The top one percent of earnings – those earning over a half million dollars annually – will see their taxes rise on average by $120,537. However, that average is skewed by the extremely high earnings in the top one-tenth of one percent. The super rich, the top one-tenth of one percent earning over $2.66 million a year, will pay on average an additional $633,946 in taxes because of expiring reductions on long-term capital gains, dividends, estate tax reductions and the high end of the Bush-era tax cuts.
Taxmageddon! | |||
Income | Average Tax Hike | ||
Below $20,113 | $412 | ||
$20,114 - $39,790 | $1,231 | ||
$39,791 - $64,484 | $1,984 | ||
$64,485 – 108,266 | $3,540 | ||
$108,267 - $143,373 | $6,359 | ||
$143,374 – $204,296 | $8,271 | ||
$204,296 - $506,210 | $14,871 | ||
$506,211 and Above | $120,537 | ||
Household Average | $3,446 | ||
Source: Tax Policy Center |
Other tax provisions expiring at the end of the year include the middle-class tax breaks, the alternative minimum tax and the so-called tax extenders, which include deductibility of state and local sales taxes, education credits and numerous business deductions and credits.
“For a government that raises about $2.5 trillion a year in revenue now, this would be a very large tax increase – about 20 percent or more,” said Donald Marron, director of the Tax Policy Center, which is a joint venture between the Urban Institute and the Brookings Institution.
When asked if there was anything surprising about the findings, co-author Eric Toder, a senior fellow at the Urban Institute, said “part of the surprise to me was how big the tax increase was. It’s just a huge, huge number.”
Despite the magnitude of the tax hike, the study authors said it would only increase the total federal tax take to a shade over 18 percent of gross domestic product, which is about what the government averaged in taxes for most of the past half century. Tax collections are currently running at less than 16 percent of GDP.
In responding to the Great Recession, politicians have largely relied on tax cuts to spur economic growth. The resulting reductions in revenue account for about half of the yawning federal deficit of more than $1 trillion a year.
However, there’s no guarantee that allowing all the tax cuts to expire would have anywhere near the expected impact on reducing federal deficits. Most economists say allowing all the tax breaks to expire next year will throw the economy into a double-dip recession, which would push up counter-cyclical spending on the unemployed and reduce tax collections because fewer people would be working.
At least some of the tax hikes are likely to expire. Political leaders on Capitol Hill from both sides of the aisle are saying the payroll tax cut will expire. Most Americans never noticed the cut, according to public opinion polls. That would raise $115 billion in additional revenue next year, the TPC analysis said.
The largest amount of revenue would come from restoring the Clinton-era tax rates. Failure to renew the high-end reduction, which President Obama has repeatedly said he won’t sign if it is passed, would raise about $44 billion. Allowing the middle-class portion of the Bush-era tax cuts to expire will raise $171 billion next year, according to TPC.

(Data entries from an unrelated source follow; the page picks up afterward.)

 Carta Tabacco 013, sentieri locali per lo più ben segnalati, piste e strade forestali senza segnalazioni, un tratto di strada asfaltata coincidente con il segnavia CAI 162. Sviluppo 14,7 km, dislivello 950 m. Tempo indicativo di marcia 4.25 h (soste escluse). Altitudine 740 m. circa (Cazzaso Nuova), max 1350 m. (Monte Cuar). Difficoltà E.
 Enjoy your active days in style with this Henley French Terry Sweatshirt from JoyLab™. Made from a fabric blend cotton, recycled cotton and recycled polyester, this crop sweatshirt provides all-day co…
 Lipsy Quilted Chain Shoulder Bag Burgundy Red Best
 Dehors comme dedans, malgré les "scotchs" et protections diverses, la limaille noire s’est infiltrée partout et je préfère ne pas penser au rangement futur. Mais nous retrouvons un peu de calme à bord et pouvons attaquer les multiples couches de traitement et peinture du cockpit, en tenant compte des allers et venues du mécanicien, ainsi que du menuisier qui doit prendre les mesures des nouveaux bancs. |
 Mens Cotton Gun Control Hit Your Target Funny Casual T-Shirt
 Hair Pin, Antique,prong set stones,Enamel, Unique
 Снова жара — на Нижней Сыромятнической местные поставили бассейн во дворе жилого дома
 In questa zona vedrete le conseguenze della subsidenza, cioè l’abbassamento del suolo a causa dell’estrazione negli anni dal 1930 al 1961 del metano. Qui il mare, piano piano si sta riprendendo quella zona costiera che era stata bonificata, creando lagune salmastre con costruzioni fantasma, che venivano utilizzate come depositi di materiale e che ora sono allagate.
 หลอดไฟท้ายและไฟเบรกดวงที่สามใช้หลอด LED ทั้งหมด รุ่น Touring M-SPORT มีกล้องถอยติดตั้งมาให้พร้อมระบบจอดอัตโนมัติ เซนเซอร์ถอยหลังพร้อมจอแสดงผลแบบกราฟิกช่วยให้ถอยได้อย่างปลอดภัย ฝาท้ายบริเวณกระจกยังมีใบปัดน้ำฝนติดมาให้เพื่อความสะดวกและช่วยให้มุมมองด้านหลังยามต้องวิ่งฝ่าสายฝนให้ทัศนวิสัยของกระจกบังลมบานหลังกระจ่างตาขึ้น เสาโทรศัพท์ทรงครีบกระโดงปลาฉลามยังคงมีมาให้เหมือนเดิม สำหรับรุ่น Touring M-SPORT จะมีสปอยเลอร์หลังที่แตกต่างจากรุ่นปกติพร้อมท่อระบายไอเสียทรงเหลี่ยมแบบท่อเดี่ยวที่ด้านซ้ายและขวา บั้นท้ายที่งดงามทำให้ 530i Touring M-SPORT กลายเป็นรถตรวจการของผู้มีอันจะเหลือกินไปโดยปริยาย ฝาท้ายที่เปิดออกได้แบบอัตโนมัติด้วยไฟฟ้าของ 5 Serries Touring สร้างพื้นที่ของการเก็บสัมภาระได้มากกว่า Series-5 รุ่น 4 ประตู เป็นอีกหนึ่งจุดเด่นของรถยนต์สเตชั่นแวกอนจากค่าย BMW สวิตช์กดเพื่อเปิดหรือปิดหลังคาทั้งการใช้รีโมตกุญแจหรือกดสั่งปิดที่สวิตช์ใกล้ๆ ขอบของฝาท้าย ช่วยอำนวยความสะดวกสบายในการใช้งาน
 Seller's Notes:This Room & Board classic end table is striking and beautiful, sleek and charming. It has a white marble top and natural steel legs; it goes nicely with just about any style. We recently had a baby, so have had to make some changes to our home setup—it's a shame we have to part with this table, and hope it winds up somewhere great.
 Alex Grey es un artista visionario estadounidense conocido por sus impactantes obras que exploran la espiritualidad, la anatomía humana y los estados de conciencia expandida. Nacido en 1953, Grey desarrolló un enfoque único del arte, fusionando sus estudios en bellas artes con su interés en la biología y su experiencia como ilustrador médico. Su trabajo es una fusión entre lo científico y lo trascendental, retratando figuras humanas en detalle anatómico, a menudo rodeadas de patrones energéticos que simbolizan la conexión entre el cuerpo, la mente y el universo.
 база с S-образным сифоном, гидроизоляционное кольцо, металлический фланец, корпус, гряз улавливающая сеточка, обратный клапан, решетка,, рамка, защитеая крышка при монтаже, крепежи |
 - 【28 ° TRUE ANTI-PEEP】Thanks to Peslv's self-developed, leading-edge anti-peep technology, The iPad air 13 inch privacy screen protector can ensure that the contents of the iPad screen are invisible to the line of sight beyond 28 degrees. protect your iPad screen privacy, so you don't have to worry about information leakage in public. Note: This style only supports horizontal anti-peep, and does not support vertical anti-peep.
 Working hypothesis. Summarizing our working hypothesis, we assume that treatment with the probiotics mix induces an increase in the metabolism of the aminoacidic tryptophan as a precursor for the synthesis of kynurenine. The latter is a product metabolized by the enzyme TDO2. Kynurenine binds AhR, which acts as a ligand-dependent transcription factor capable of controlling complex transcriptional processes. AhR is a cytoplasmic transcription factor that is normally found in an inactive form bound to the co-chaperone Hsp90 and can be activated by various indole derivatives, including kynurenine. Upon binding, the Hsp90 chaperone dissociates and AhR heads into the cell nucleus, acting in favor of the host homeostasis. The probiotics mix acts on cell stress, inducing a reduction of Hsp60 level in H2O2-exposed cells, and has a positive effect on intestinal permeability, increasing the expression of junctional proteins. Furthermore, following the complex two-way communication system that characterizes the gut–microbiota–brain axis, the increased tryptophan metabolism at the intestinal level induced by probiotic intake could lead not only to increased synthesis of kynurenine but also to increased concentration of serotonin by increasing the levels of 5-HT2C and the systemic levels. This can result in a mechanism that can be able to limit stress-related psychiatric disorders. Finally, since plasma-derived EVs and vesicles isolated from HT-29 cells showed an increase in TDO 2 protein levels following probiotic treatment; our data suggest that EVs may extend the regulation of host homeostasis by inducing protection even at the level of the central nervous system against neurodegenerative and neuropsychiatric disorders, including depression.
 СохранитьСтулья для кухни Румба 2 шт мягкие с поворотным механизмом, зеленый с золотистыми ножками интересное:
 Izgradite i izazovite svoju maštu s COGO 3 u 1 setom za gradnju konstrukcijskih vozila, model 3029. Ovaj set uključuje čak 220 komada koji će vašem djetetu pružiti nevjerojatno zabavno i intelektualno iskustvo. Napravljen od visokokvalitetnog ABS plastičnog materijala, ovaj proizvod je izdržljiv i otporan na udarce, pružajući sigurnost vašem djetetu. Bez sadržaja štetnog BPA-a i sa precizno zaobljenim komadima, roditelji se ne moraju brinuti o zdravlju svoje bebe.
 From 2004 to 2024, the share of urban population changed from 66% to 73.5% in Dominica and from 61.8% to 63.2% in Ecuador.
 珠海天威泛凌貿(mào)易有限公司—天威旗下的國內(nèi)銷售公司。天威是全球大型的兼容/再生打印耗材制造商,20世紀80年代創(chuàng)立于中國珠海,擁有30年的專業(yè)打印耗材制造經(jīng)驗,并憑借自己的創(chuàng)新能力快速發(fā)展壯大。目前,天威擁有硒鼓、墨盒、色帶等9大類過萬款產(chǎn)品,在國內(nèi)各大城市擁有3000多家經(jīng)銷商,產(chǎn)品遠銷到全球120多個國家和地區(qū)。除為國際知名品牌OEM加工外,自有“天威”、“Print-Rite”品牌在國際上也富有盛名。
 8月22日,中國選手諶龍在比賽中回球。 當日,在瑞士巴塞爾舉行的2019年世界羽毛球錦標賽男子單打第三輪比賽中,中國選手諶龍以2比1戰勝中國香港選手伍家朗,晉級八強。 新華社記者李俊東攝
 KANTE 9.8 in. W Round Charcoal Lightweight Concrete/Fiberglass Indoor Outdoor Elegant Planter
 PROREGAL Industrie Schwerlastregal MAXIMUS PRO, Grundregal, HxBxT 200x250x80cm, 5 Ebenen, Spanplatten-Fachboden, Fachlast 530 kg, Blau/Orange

Failure to renew the earned income tax credit (EITC), the child tax credit and education tax credits, which are disproportionately used by low-income households, will only raise $27 billion. But it will hammer each household who benefits from those programs at levels comparable to people who make a lot more money.
Just 22.4 percent of households in the bottom fifth of the income distribution make use of the EITC and other credits, the TPC analysis showed. Allowing those programs to expire along with the payroll tax reduction would increase taxes for that group by an average of $1,126 next year, which is nearly as much as people earning twice their salaries.